To do ->
After dropping the pictures, give again exactly the lines of the data from its first line through the line with "Los peritajes hechos", which is included as well.

::::::::::

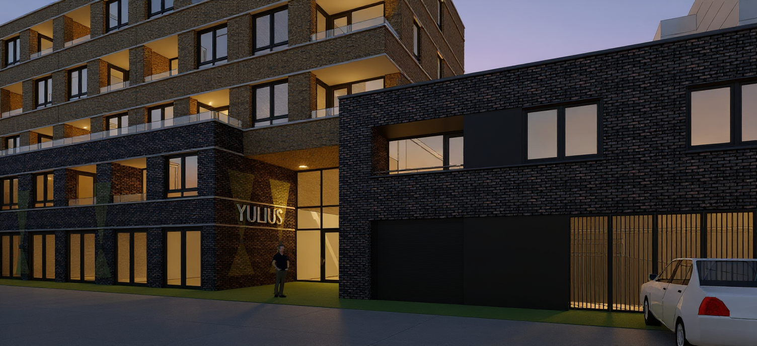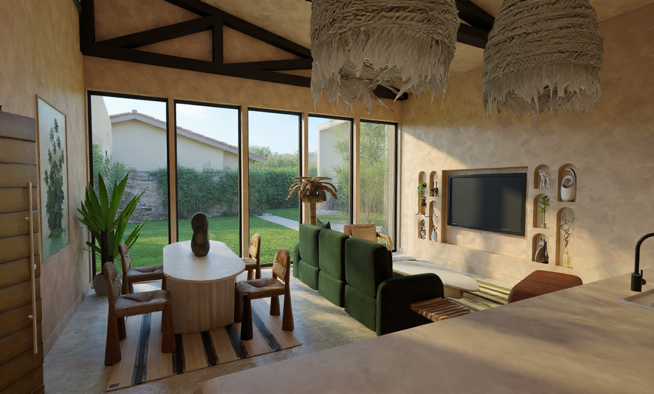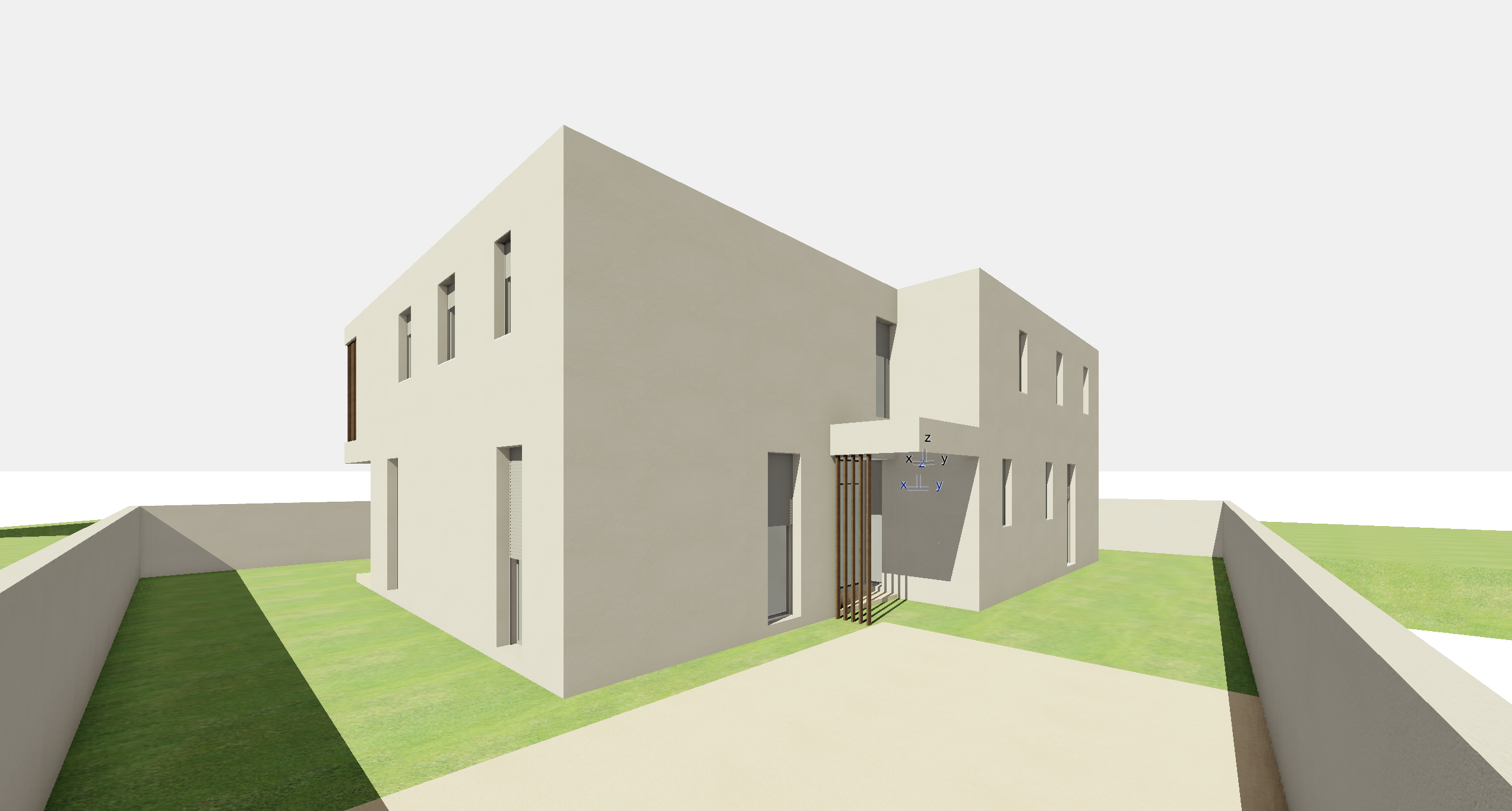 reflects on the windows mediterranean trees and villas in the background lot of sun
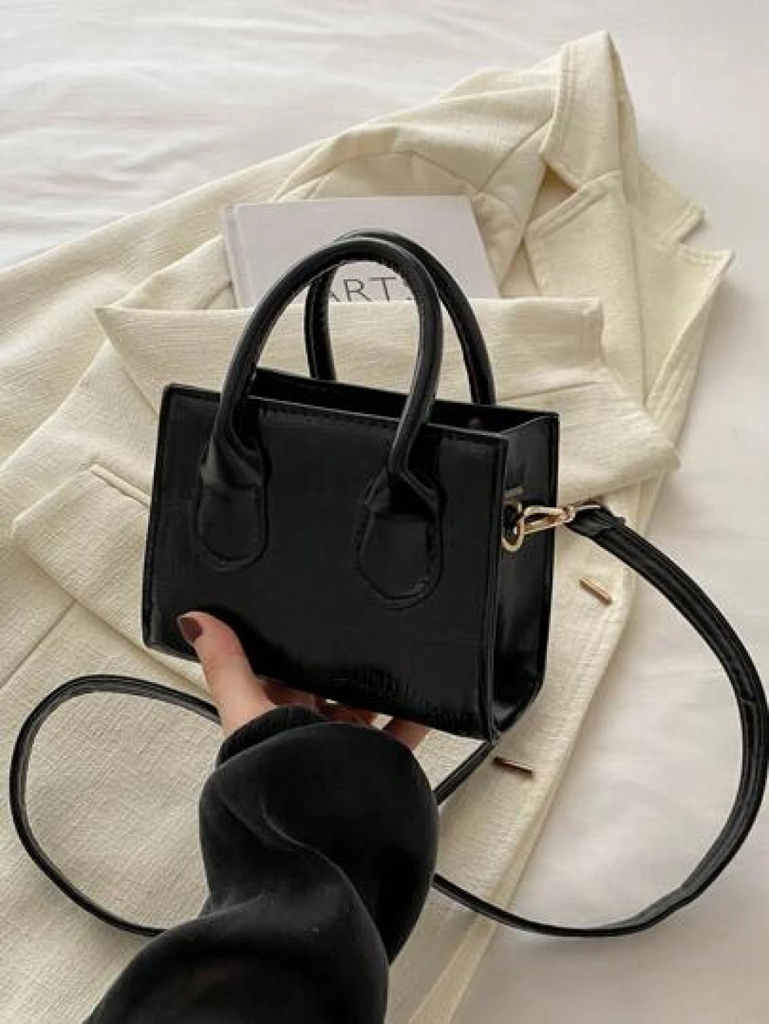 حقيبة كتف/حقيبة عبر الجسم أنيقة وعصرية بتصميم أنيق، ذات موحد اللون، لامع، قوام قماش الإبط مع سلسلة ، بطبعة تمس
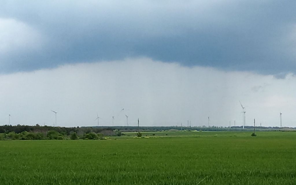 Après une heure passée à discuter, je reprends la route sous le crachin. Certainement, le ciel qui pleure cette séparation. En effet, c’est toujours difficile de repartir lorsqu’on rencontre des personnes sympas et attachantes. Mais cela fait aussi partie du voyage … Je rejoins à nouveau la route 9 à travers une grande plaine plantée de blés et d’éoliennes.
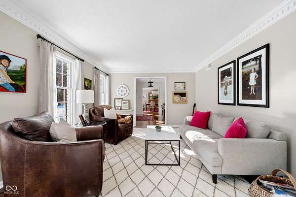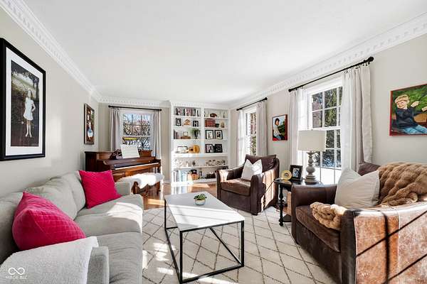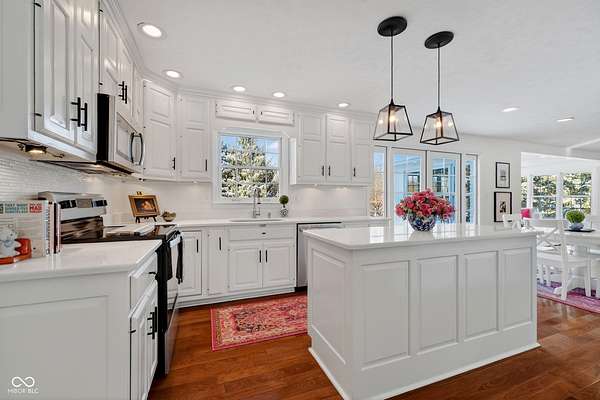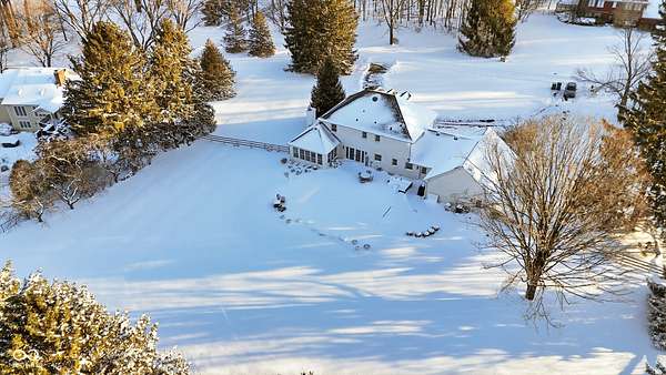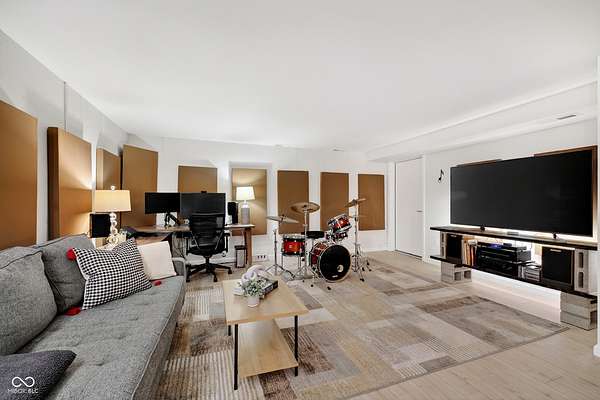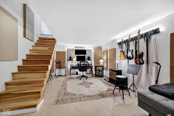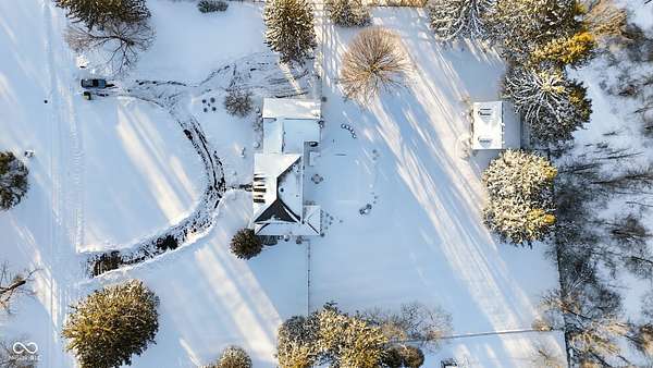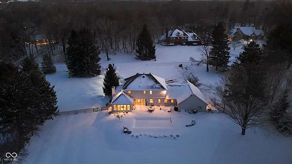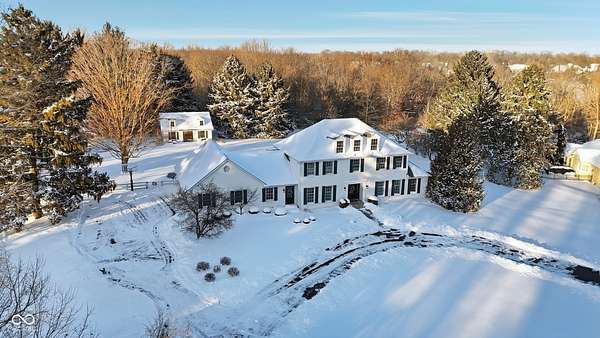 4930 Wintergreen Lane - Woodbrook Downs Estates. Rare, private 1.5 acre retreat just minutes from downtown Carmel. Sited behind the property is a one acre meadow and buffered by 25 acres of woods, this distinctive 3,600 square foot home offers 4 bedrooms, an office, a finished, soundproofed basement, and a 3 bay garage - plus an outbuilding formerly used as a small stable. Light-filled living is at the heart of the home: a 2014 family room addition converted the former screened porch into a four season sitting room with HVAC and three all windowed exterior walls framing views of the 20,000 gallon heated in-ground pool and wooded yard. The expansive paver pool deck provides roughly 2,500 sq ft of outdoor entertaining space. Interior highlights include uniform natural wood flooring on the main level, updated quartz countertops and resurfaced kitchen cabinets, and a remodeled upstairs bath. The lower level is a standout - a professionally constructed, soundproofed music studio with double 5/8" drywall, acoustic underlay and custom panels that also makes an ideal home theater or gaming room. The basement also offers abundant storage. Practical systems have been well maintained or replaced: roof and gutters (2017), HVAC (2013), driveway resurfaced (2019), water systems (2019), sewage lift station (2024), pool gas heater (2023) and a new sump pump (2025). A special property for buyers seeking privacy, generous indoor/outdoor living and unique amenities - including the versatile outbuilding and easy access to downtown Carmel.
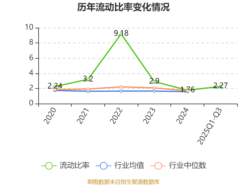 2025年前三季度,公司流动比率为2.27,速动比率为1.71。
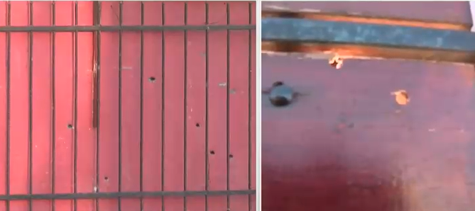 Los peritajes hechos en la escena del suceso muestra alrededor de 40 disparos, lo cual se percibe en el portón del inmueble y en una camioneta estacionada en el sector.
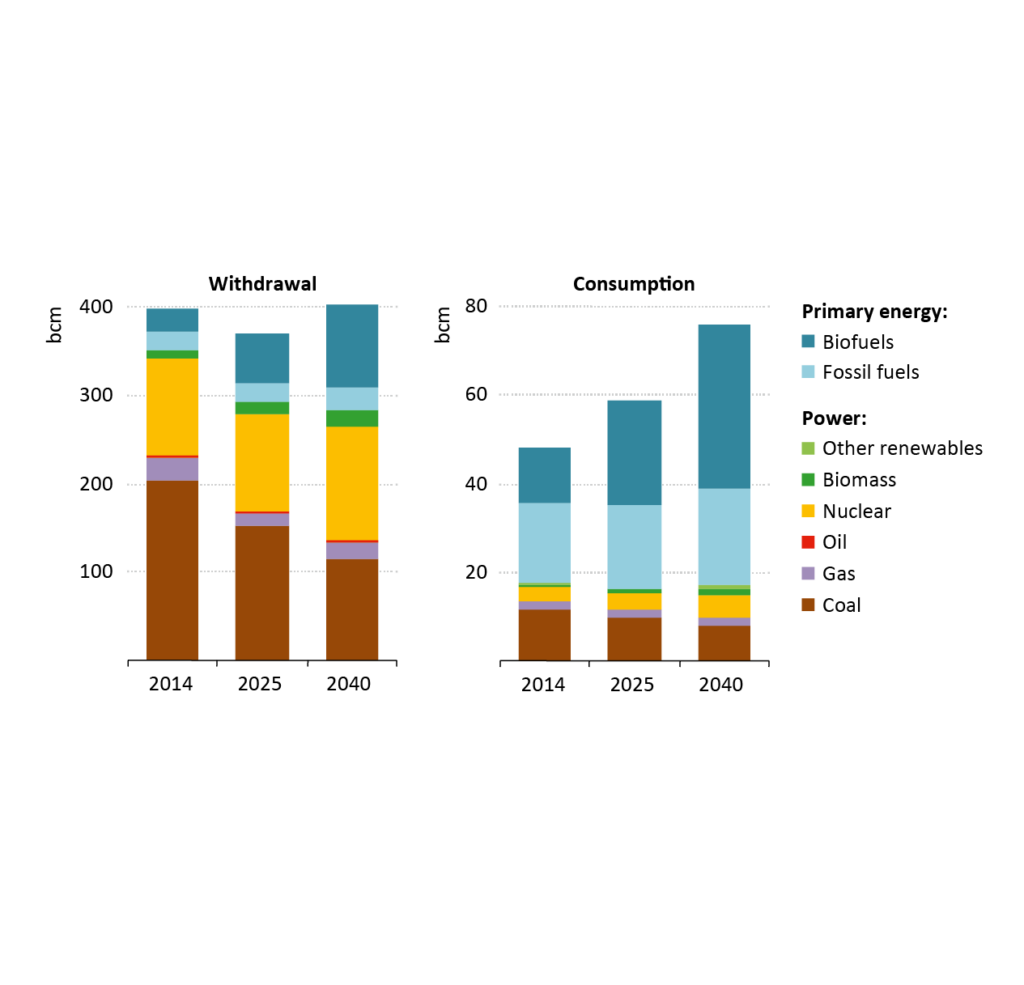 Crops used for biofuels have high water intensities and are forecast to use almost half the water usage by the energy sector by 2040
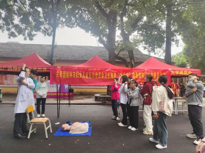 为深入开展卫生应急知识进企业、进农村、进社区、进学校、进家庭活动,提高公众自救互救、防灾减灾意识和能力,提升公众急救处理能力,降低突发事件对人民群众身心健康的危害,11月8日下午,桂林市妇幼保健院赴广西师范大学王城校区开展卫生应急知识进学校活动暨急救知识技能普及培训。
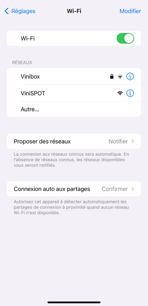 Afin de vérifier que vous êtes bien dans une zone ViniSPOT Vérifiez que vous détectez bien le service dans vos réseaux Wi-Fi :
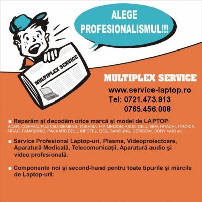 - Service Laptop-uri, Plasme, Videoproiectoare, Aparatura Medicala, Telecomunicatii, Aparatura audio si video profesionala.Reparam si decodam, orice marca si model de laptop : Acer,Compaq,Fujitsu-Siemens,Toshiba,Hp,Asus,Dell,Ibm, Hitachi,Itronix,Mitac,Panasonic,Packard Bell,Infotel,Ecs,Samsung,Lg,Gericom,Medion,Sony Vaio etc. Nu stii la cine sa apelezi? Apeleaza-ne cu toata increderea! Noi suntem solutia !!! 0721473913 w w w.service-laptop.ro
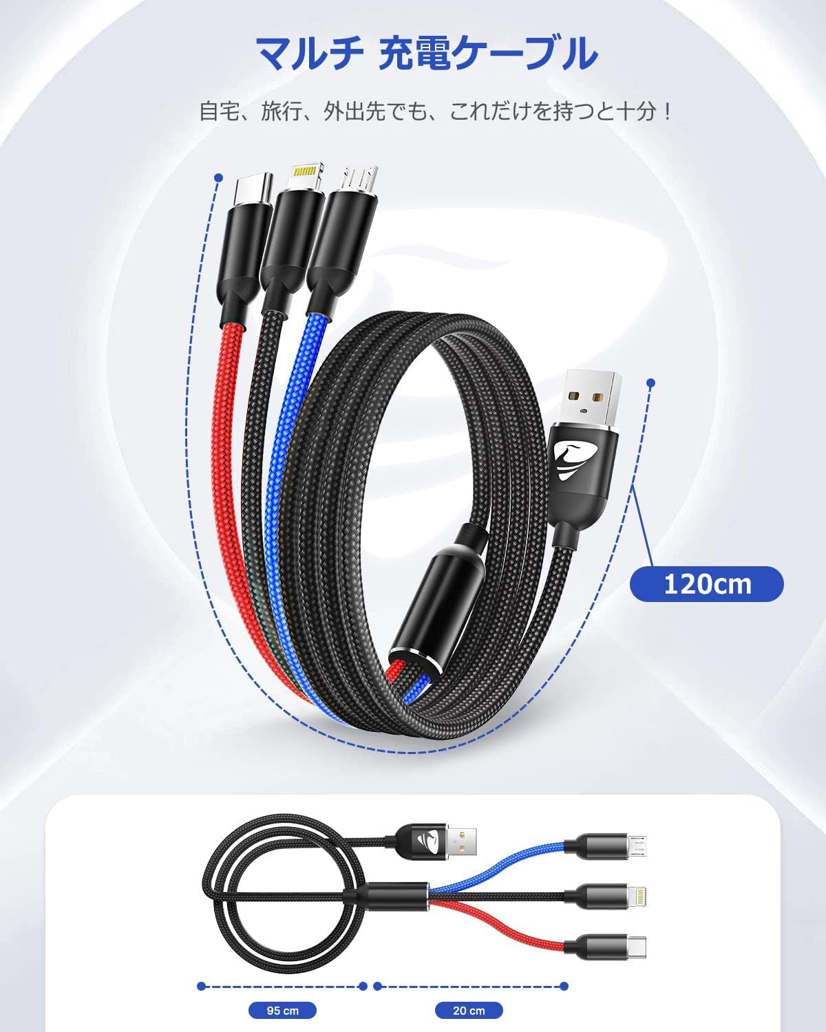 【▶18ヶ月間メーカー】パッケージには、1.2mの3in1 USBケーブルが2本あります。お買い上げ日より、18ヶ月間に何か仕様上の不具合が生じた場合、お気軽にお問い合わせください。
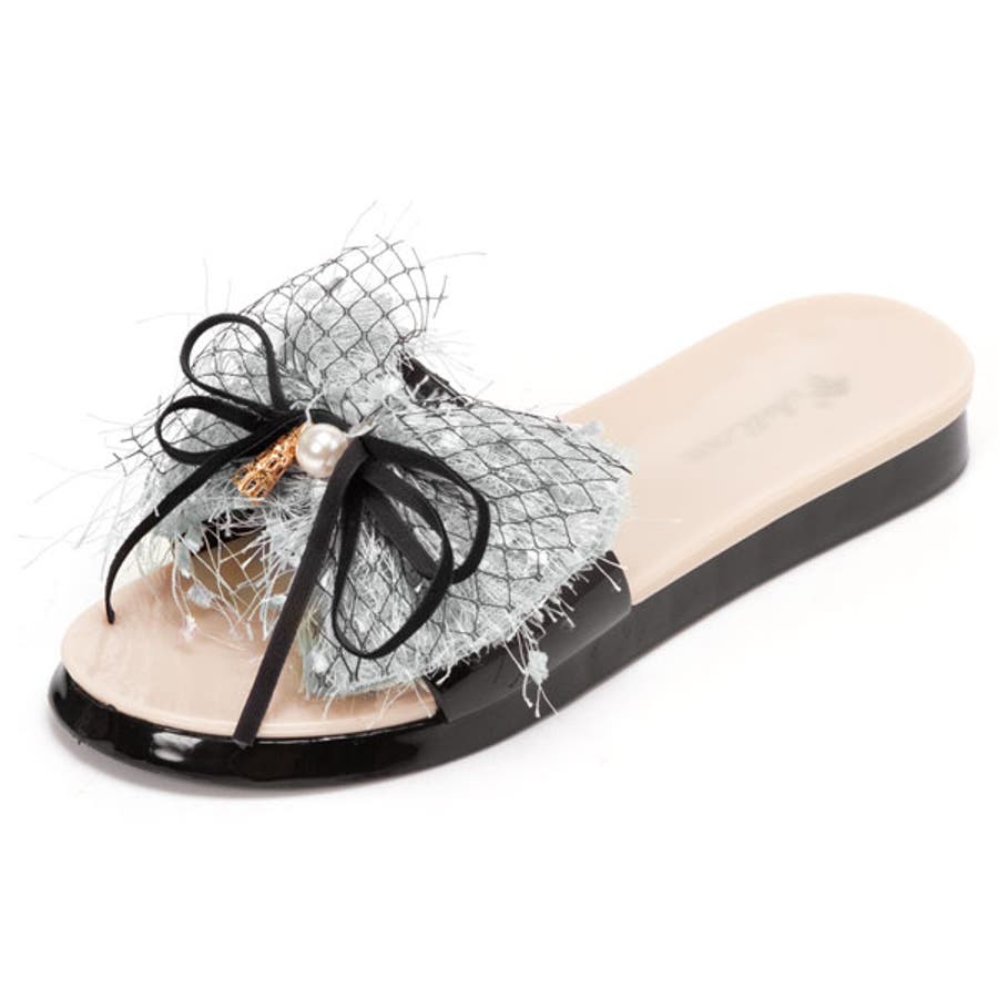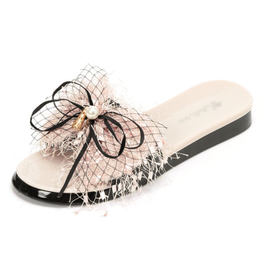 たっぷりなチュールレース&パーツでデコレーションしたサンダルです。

::::::::::

Solution below ->
 reflects on the windows mediterranean trees and villas in the background lot of sun
 حقيبة كتف/حقيبة عبر الجسم أنيقة وعصرية بتصميم أنيق، ذات موحد اللون، لامع، قوام قماش الإبط مع سلسلة ، بطبعة تمس
 Après une heure passée à discuter, je reprends la route sous le crachin. Certainement, le ciel qui pleure cette séparation. En effet, c’est toujours difficile de repartir lorsqu’on rencontre des personnes sympas et attachantes. Mais cela fait aussi partie du voyage … Je rejoins à nouveau la route 9 à travers une grande plaine plantée de blés et d’éoliennes.
 4930 Wintergreen Lane - Woodbrook Downs Estates. Rare, private 1.5 acre retreat just minutes from downtown Carmel. Sited behind the property is a one acre meadow and buffered by 25 acres of woods, this distinctive 3,600 square foot home offers 4 bedrooms, an office, a finished, soundproofed basement, and a 3 bay garage - plus an outbuilding formerly used as a small stable. Light-filled living is at the heart of the home: a 2014 family room addition converted the former screened porch into a four season sitting room with HVAC and three all windowed exterior walls framing views of the 20,000 gallon heated in-ground pool and wooded yard. The expansive paver pool deck provides roughly 2,500 sq ft of outdoor entertaining space. Interior highlights include uniform natural wood flooring on the main level, updated quartz countertops and resurfaced kitchen cabinets, and a remodeled upstairs bath. The lower level is a standout - a professionally constructed, soundproofed music studio with double 5/8" drywall, acoustic underlay and custom panels that also makes an ideal home theater or gaming room. The basement also offers abundant storage. Practical systems have been well maintained or replaced: roof and gutters (2017), HVAC (2013), driveway resurfaced (2019), water systems (2019), sewage lift station (2024), pool gas heater (2023) and a new sump pump (2025). A special property for buyers seeking privacy, generous indoor/outdoor living and unique amenities - including the versatile outbuilding and easy access to downtown Carmel.
 2025年前三季度,公司流动比率为2.27,速动比率为1.71。
 Los peritajes hechos en la escena del suceso muestra alrededor de 40 disparos, lo cual se percibe en el portón del inmueble y en una camioneta estacionada en el sector.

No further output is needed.